*DESCRIPTION OF THE TASK*
From the first line to the last, retype the records exactly and skip the pictures.

-- MATERIAL FOR THE TASK follows --

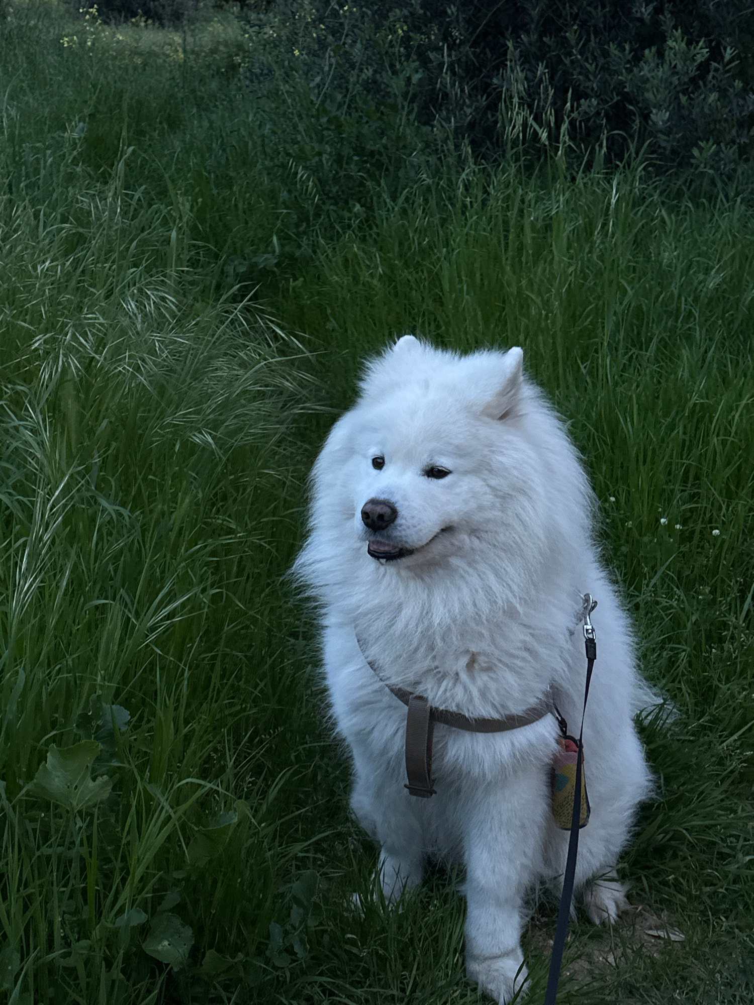 A white Samoyed dog is lying down in green grass, wearing a brown harness. The dog has a black leash attached to the harness, and a colorful toy is clipped to the leash. The grass is lush and slightly…read more
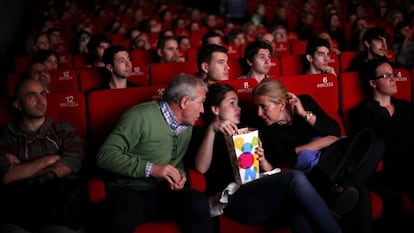 A esa hora, en Madrid, en los Princesa, Renoir Plaza de España y Golem la sensación era bastante mejor que un lunes normal, y bastante peor que en la anterior edición de la fiesta. Eso sí, se habían multiplicado los estajanovistas decididos a ver hasta ocho películas en tres días. “100” al año aseguraba ver Jesús de las Heras, que ayer optó por Ocho apellidos vascos. Este trabajador del metro de 48 años era de los pocos en cantar fuera del rabioso coro general: la entrada habitual no es tan cara, según él, al menos comparada con los cócteles.
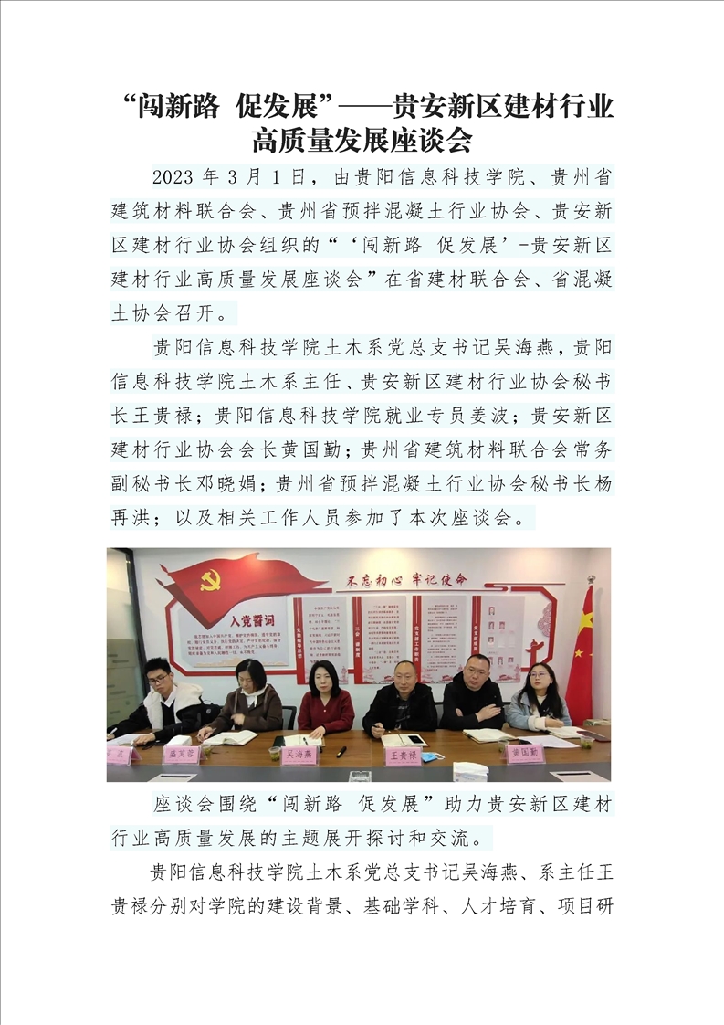 ”闯新路 促发展“——贵安新区建材行业高质量发展座谈会
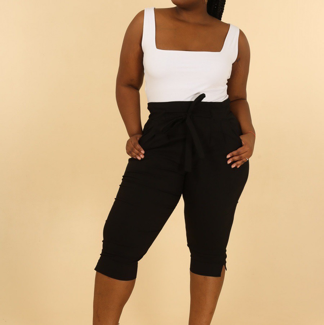 🌸 Pantacourt stretch ceinturé – Style & confort en grande taille
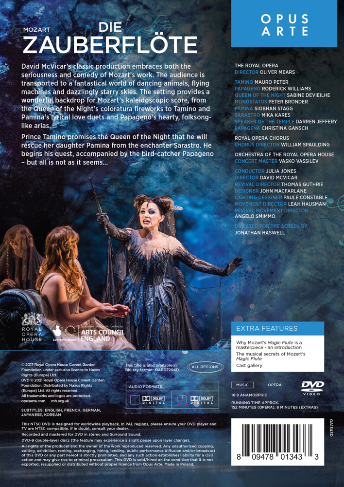 Mauro Peter (Tamino) - Siobhan Stagg (Pamina) - Roderick Williams (Papageno) - u.a. - Orchestra of the Royal Opera House - Julia Jones (Dir) // David McVicars Inszenierung der "Zauberflöte" beleuchtet sowohl die ernsthaft-philosophische als auch die komödianti...
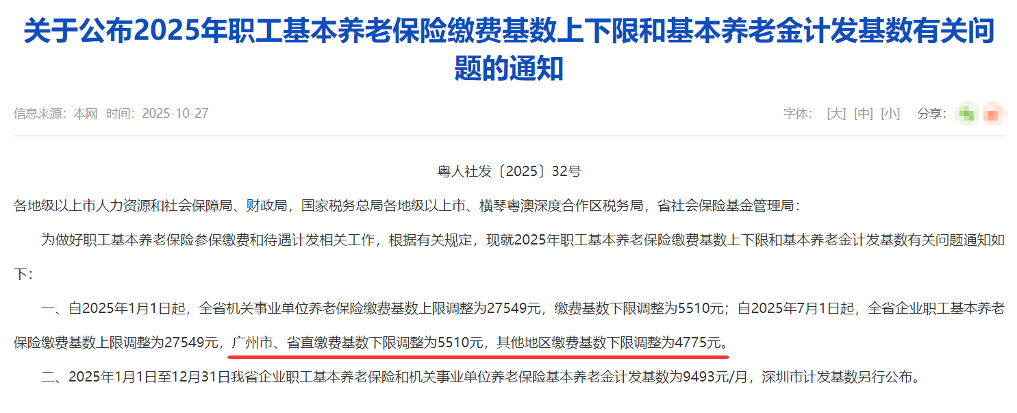 4775元就是广东社保缴费基数下限的第二档,第一档是5510元,广州和省直单位按这个来。
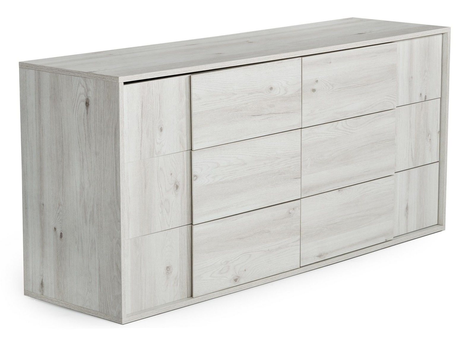 cómoda, con acabado de roble encalado, podría usarse en un dormitorio de

-- MATERIAL FOR THE TASK concluded --

*SOLUTION TO THIS TASK*
 A white Samoyed dog is lying down in green grass, wearing a brown harness. The dog has a black leash attached to the harness, and a colorful toy is clipped to the leash. The grass is lush and slightly…read more
 A esa hora, en Madrid, en los Princesa, Renoir Plaza de España y Golem la sensación era bastante mejor que un lunes normal, y bastante peor que en la anterior edición de la fiesta. Eso sí, se habían multiplicado los estajanovistas decididos a ver hasta ocho películas en tres días. “100” al año aseguraba ver Jesús de las Heras, que ayer optó por Ocho apellidos vascos. Este trabajador del metro de 48 años era de los pocos en cantar fuera del rabioso coro general: la entrada habitual no es tan cara, según él, al menos comparada con los cócteles.
 ”闯新路 促发展“——贵安新区建材行业高质量发展座谈会
 🌸 Pantacourt stretch ceinturé – Style & confort en grande taille
 Mauro Peter (Tamino) - Siobhan Stagg (Pamina) - Roderick Williams (Papageno) - u.a. - Orchestra of the Royal Opera House - Julia Jones (Dir) // David McVicars Inszenierung der "Zauberflöte" beleuchtet sowohl die ernsthaft-philosophische als auch die komödianti...
 4775元就是广东社保缴费基数下限的第二档,第一档是5510元,广州和省直单位按这个来。
 cómoda, con acabado de roble encalado, podría usarse en un dormitorio de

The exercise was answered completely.